=== Provided data ===

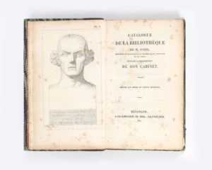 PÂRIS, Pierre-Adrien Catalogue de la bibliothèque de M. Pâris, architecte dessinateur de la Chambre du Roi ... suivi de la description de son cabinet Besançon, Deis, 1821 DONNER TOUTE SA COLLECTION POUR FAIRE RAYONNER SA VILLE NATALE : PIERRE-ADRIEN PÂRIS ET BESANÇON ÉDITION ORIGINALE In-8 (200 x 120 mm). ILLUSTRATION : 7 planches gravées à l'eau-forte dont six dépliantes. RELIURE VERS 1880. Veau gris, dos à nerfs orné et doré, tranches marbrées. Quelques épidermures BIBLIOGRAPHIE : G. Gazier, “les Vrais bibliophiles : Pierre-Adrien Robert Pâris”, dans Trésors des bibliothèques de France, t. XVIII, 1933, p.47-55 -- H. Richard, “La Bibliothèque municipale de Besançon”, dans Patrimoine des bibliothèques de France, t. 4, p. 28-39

===
=== Provided data ===

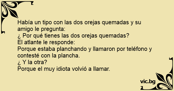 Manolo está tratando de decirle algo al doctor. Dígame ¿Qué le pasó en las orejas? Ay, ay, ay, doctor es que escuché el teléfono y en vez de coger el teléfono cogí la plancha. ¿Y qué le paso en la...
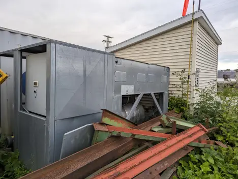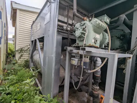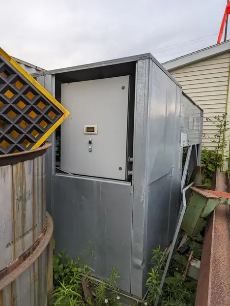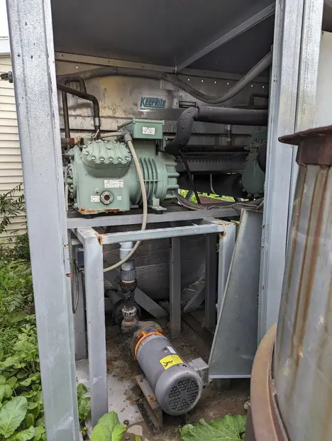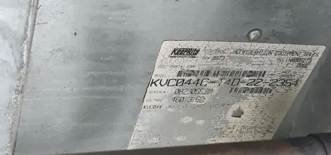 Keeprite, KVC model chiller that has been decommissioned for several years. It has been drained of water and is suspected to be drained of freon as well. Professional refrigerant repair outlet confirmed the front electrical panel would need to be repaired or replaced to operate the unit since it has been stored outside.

===

# Exercise objective
Return exactly the lines of the material above, starting at the line containing "Manolo está tratando" and finishing at the line containing "Keeprite, KVC model", without any pictures.

# Exercise solution
 Manolo está tratando de decirle algo al doctor. Dígame ¿Qué le pasó en las orejas? Ay, ay, ay, doctor es que escuché el teléfono y en vez de coger el teléfono cogí la plancha. ¿Y qué le paso en la...
 Keeprite, KVC model chiller that has been decommissioned for several years. It has been drained of water and is suspected to be drained of freon as well. Professional refrigerant repair outlet confirmed the front electrical panel would need to be repaired or replaced to operate the unit since it has been stored outside.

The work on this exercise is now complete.